While I've generally found Mr. Oliver to be a bit annoying, I found his TED Talk to be moving and distressing. I really didn't know that kids are so disconnected from their food. I grew up with a garden, and working on a farm.

http://www.youtube.com/watch?v=go_QOzc79Uc

Are any of you involved in any programs to help kids/families with this issue? Do you know of one you can recommend? I'd like to do something in my local community but I'm a bit lost for how to start.

TX!


----------



## tgraypots (Sep 14, 2012)

I have always enjoyed his shows when cooking in what appeared to be his garden kitchen, especially when he utilized the wood oven. 

As to your question, become part of, or start, a community garden.


----------



## SameGuy (Sep 14, 2012)

His Mockney accent (he's from a village in northern Essex) is annoying, but I like his approach to cooking. Most of his shows are concise and entertaining, with a focus on basic flavors and colors, and simple, appetizing presentation.


----------



## Cutty Sharp (Sep 14, 2012)

He's a great guy. I find it hilarious how he's resented sometimes - or treated with such suspicion, for example like in that show he made where he was going to transform school lunches in small town America.


----------



## SpikeC (Sep 14, 2012)

He should have known that vegetables are unAmerican!


----------



## Cutty Sharp (Sep 14, 2012)

They're un-British too!


----------



## Namaxy (Sep 14, 2012)

My first impression ( just from TV) was not so positive. Then my brother in law met him, and said he was a stand up guy. I changed my mind. I don't spend much time thinking about his cooking, but to be very fair, I saw him do a brushetta with favas, peas, mint and parmesan. It's a fantastic spring dish when the favas and peas arrive....so credit due to him.


----------



## Zwiefel (Sep 14, 2012)

tgraypots said:


> As to your question, become part of, or start, a community garden.

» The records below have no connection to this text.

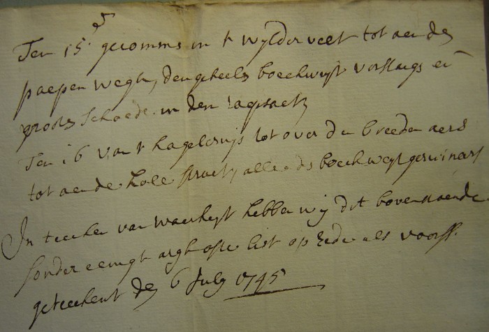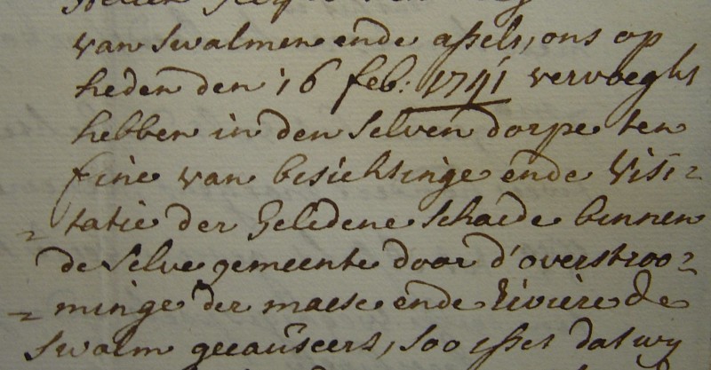 Wij ondergetekenden, schepen en borgemeester deze heerlijkheden swalmen en Asselt verklaeren ende attesteren krachtens deze op den eed in het begin van onze Resp. Officien gedaen, dat wij op verzoeck van Christiaen Cuijpers, pachter van Wijlre hof ons met den Heer I.B. Haese hebben vervoegd int veld den Ohe alwaere den voornoemde pachter ons heeft aangewezen zeven morgens den voorleden herfst met rogge ingezaaid geweest zijnde, twee morgens met wintergerst, drij morgens met spelte, twee morgens met tarwe ende twee morgen met wintersloorzaad , van waere wij op verzoek als boven zijn gegaan op het veld Den Weerd als waar gezegde pachter ons heeft aangetoond een ende een halve morgen met wintersloorzaad ende acht morgen met tarwe, voorders op den zo genoemden steenacker enen morgen met tarwe, ende twee morgen met tarwe in het wijlder veld, op welke voornoemde landerijen wij hebben bevonden de respectievelijke vruchten door de overstromingen van de riviere de Maes ende langdurig verblijf des waters teenenmaal te zijn verdronken, verteerd, ende weg gespoeld, ende deels meer als enen voet hoogh met zand ende kiezelstenen te zijn bedekt, in oirconde van Waerheidt heeft den heer scholtis beneffens ons gerichtspersonen eigenhandig geteeckend binnen Swalmen den 9 April 1784,
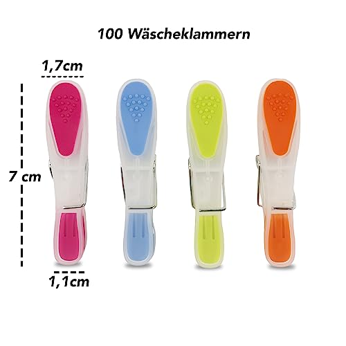 SOHFA - Sacchetto per mollette da bucato con 25/50 mollette in plastica resistente e moschettone., 100 Wäscheklammern
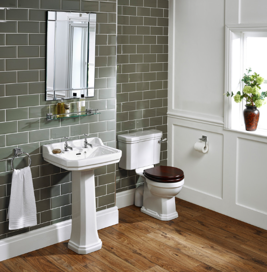 Complete with 55cm two taphole basin with overflow, integrated soap recesses and pedestal.
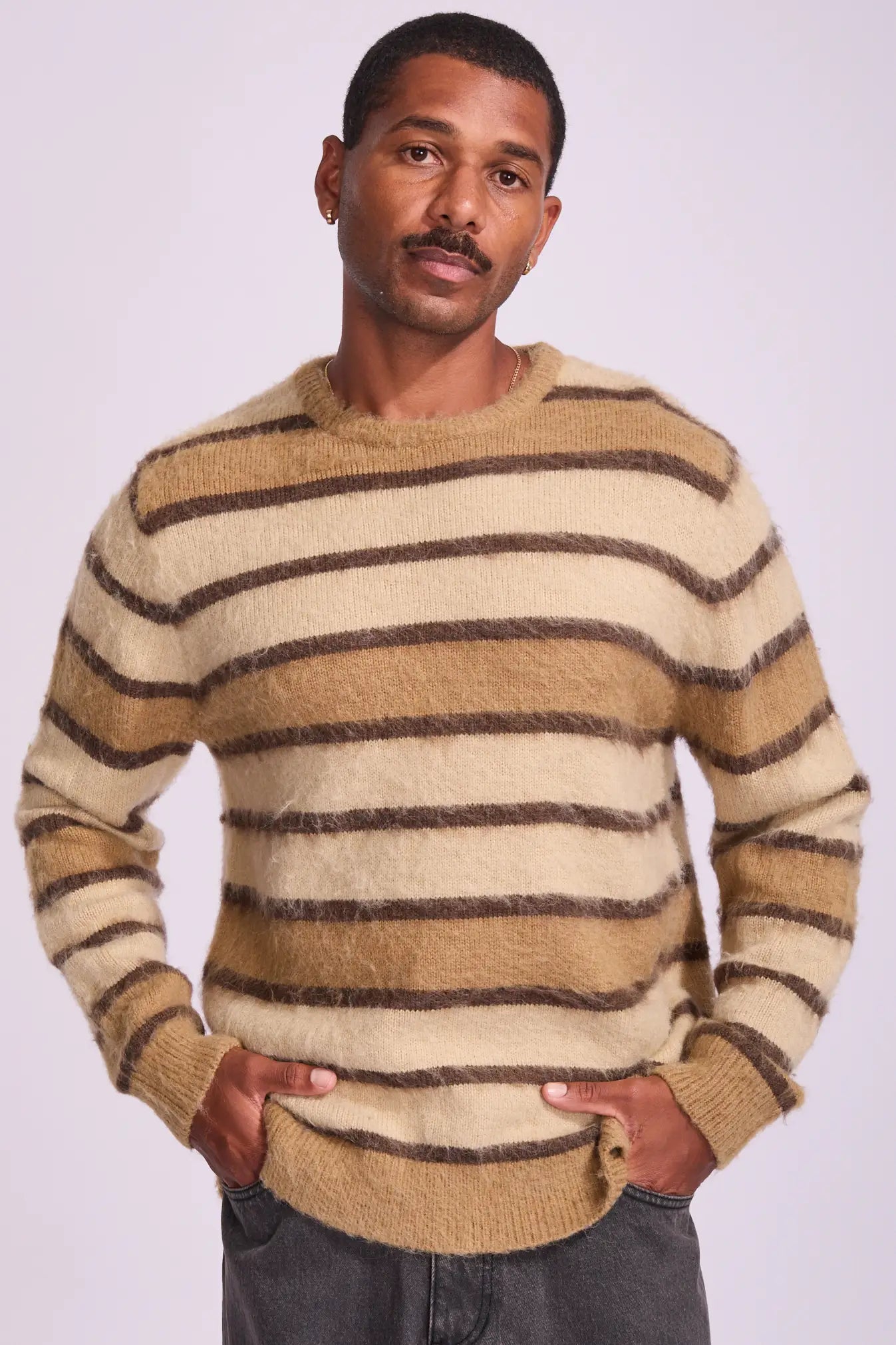 The Rhythm Mohair Striped Knit in Bark is a standout cold-weather knit with a soft, textured feel.
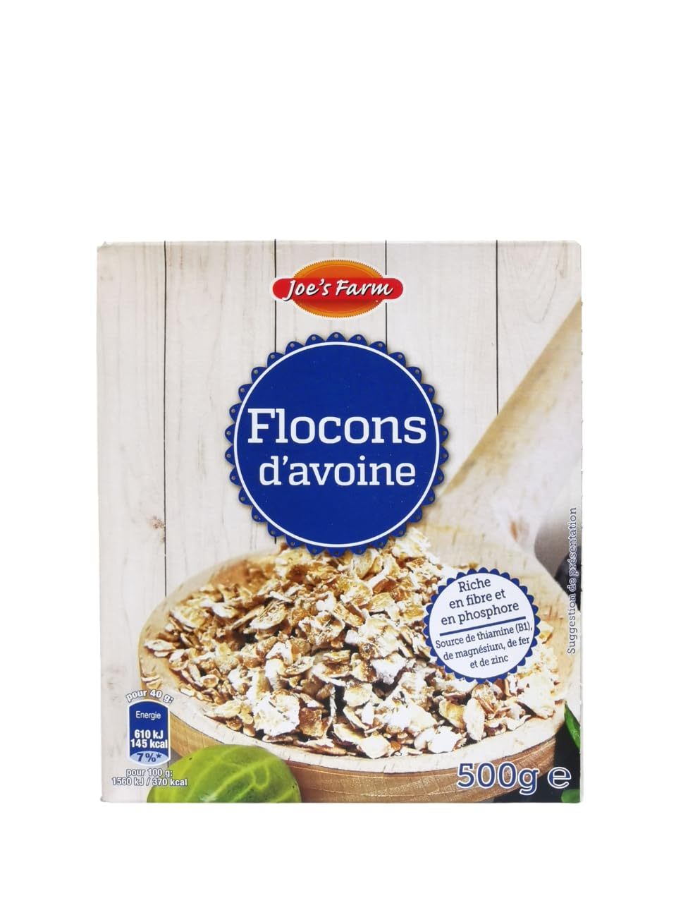 Joe's Farm Oatmeal cereals are a natural product of carefully selected whole grain oats. They are high in fiber, low in fat and with no added sugar, making them a healthy choice for breakfast or recipe ingredients. The crispy texture and neutral taste make them ideal to combine with fruit, milk or yoghurt. Perfect for those looking for a balanced and nutritious diet. They are distinguished by a versatile and highly nutritious food. It guarantees a high concentration of essential nutrients such as fiber, vegetable proteins, B vitamins and minerals such as iron, magnesium and zinc. They are an excellent sustainable energy source that is ideal for the start of the day or as a basis for healthy meals. The preparation is quick and easy: can be used to make porridge, homemade muesli, smoothies or even recipes such as cookies, bread or energy bars. An ideal choice for vegans, vegetarians and anyone who wants to integrate international, natural foods into their daily diet. INGREDIENTS whole grain oatsJoe's Farm Havervlokken, verpakking van 6 stuks (6 x 500 g) Joe's Farm Havermout granen zijn een natuurproduct van zorgvuldig geselecteerde volkoren haver. Ze zijn rijk aan vezels, vetarm en zonder toegevoegde suiker, waardoor ze een gezonde keuze zijn voor het ontbijt of voor recepteningrediënten. De knapperige textuur en de neutrale smaak maken ze ideaal om te combineren met fruit, melk of yoghurt. Perfect voor degenen die op zoek zijn naar een evenwichtige en voedzame voeding. Ze onderscheiden zich door een veelzijdig en zeer voedzaam voedsel. Het garandeert een hoge concentratie aan essentiële voedingsstoffen zoals vezels, plantaardige eiwitten, B-vitaminen en mineralen zoals ijzer, magnesium en zink. Ze zijn een uitstekende duurzame energiebron die ideaal is voor het begin van de dag of als basis voor gezonde maaltijden. De bereiding is snel en eenvoudig: kan worden gebruikt om pap, zelfgemaakte muesli, smoothies of zelfs recepten zoals koekjes, brood of energierepen te maken. Een ideale keuze voor veganisten, vegetariërs en iedereen die interale, natuurlijke levensmiddelen in hun dagelijkse voeding wil integreren. INGREDIËNTEN volkorenhaver
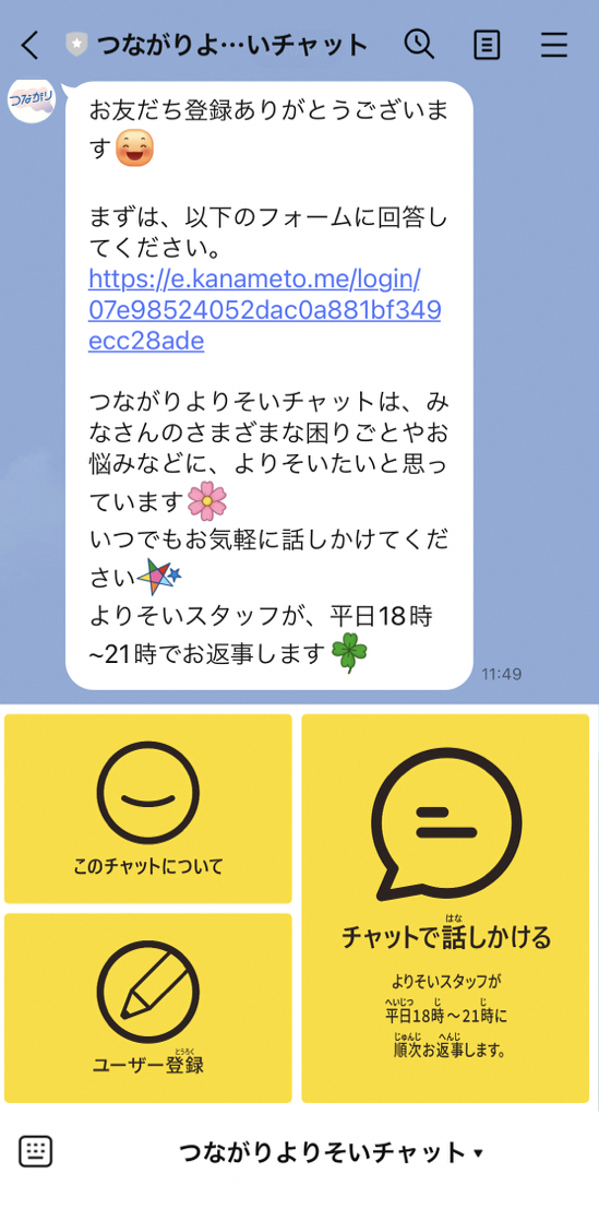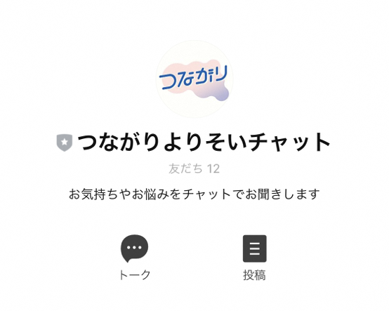 | ご利用方法 | LINEアカウント「つながりよりそいチャット」を友だち登録して、話しかけてください。 相談は無料で、匿名でご相談可能です。 →「つながりよりそいチャット」への相談は以下URLから https://florence.or.jp/lp/yamagata-tsunagari-yorisoi/?page=1 ※LINE IDで検索する場合、「@733gquft」と検索ください。 山形市と認定NPO法人フローレンスにより、WEBやLINEを通じてのご案内や、市内でのチラシポスティング等にて山形市内に広くお知らせしていきます。 |
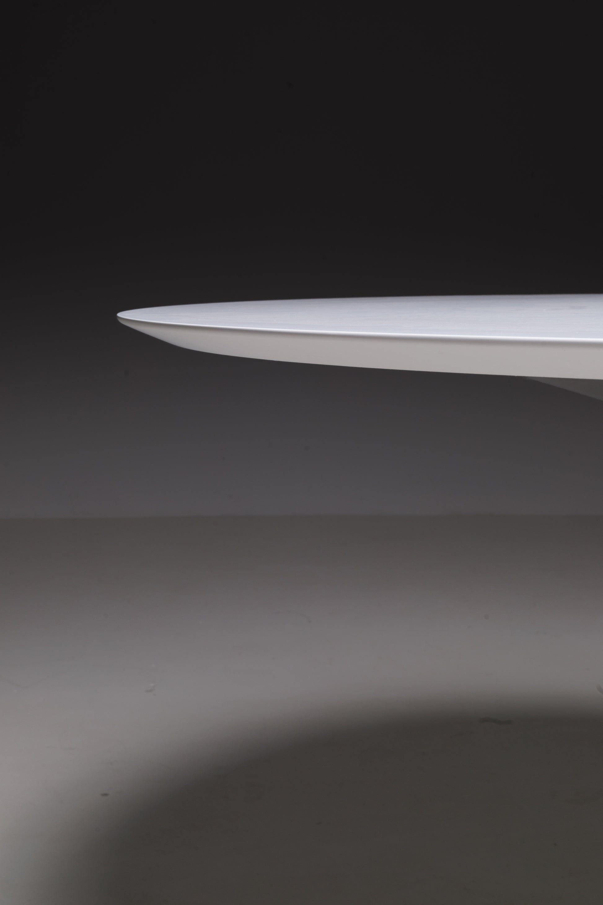 At its center, the Agarico Table, designed by Vida Beppe for NY Form, stands out with its sculptural presence. Its smooth, curved pedestal base and sleek white tabletop create a seamless, fluid aesthetic that enhances the set’s modern appeal.

Tom, I don't understand how working with a community garden could help kids with food knowledge or help families to cook more healthfully...can you elaborate?


----------



## Cutty Sharp (Sep 14, 2012)

... Growing food, learning where food comes from, experiencing the difficulties in producing food, getting a sense of nature and how in essence food comes from nature, how food tastes better when it is grown naturally and with care, developing one's taste for natural ingredients, developing one's eye for what's naturally grown, experiencing being part of a community that grows and might respect food more, and not feeling alone doing this, like some might in their back garden, when around them everywhere there is Mc-food and superstores full of manufactured food products... Seems obvious to me


----------



## Zwiefel (Sep 14, 2012)

Cutty Sharp said:


> ... Growing food, learning where food comes from, experiencing the difficulties in producing food, getting a sense of nature and how in essence food comes from nature, how food tastes better when it is grown naturally and with care, developing one's taste for natural ingredients, developing one's eye for what's naturally grown, experiencing being part of a community that grows and might respect food more, and not feeling alone doing this, like some might in their back garden, when around them everywhere there is Mc-food and superstores full of manufactured food products... Seems obvious to me



Oh, the suggestion is to take kids to a community garden...for a tour, or to help out. Got it...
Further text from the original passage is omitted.